At the IEDM conference Intel researchers are expected to discuss a 3D monolithic CFET device that they manufactured that comprises three n-FET nanoribbons on top of three p-FET nanoribbons, with 30nm of vertical separation between them. They will present in paper 29.2: Demonstration of a Stacked CMOS Inverter at 60nm Gate Pitch with Power Via and Direct Backside Device Contacts.
The CFET provides the obvious benefit of two transistors occupying the space of one in a GAA, FinFET or planar architecture. But it also means that CMOS logic circuitry can be designed more efficiently. IMEC has previously made the point that standard cell area is mainly dependent on access to transistor terminals and that CFETs can simplify this.

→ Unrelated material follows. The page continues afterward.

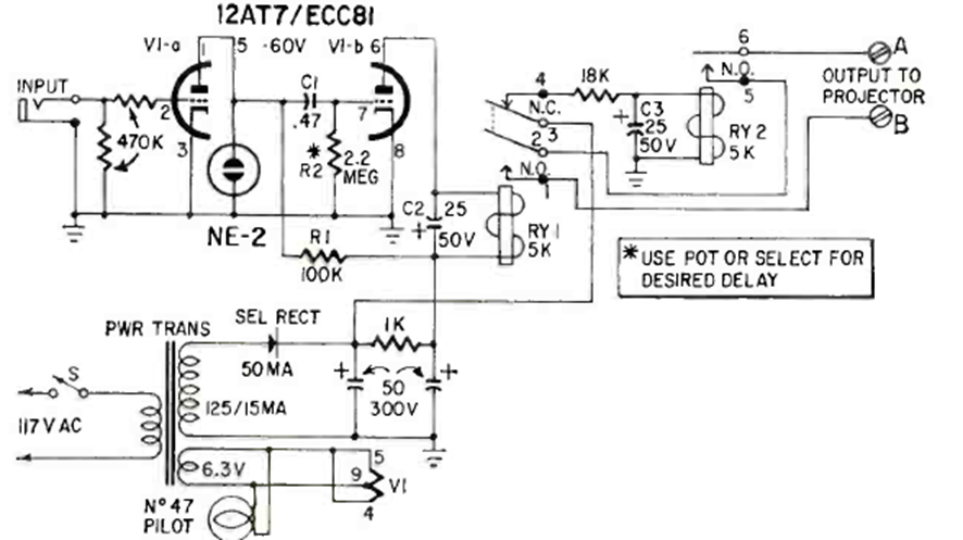 Diseñado originalmente para controlar un proyector de diapositivas, este circuito se encontró en Radio Electronics de junio de 1964. El circuito utiliza una válvula doble y acciona un relé de alta tensión. La fuente de alta tensión incluida. La revista incluye una descripción del montaje.

The Intel team are due to describe a industry first – fully functioning inverter test circuits in CFET – built at a 60nm gate pitch. The devices also featured vertically stacked dual-S/D epitaxy; dual metal work function gate stacks connecting the n- and p-transistors.
In addition Intel has include backside power delivery, an idea that was also proposed by IMEC and that is now part of the Intel roadmap for delivery in its Intel 20A – or 20 angstrom – manufacturing process.
The researchers also will describe a nanoribbon “depopulation” methodology for when unequal numbers of NMOS and PMOS channels are required. The work helps to increase the understanding of the potential to scale CFETs for logic and SRAM applications.
TSMC researchers have been allowed to submit a “late-news” paper in the same session: Paper 29.6 is entitled: Complementary Field-Effect Transistor (CFET) Demonstration at 48nm Gate Pitch for Future Logic Technology Scaling.
The team from TSMC will discuss what they describe as a practical, monolithic CFET approach for logic technology scaling on a 48nm gate pitch. Like Intel they are adopting an n-type nanosheet transistors above p-type nanosheet transistors. The paper will report on the on-state current and subthreshold leakage – described as “high” and “low” respectively in the precis of the paper. This leads to an on/off current ratio of six orders of magnitude. The on/off current ratio (six orders of magnitude).
The transistors exhibited an FET survival rate of greater than 90 percent, according to the paper precis. A final comment in the precis is that: “While other essential features still must be integrated to unleash CFET technology’s potential, this work paves the way for that to happen.”
An inline cross-section transmission electron microphotograph shows a monolithic CFET with a gate pitch of 48nm and with nFETs placed above pFETs, and both types of transistors surrounded by a single metal gate.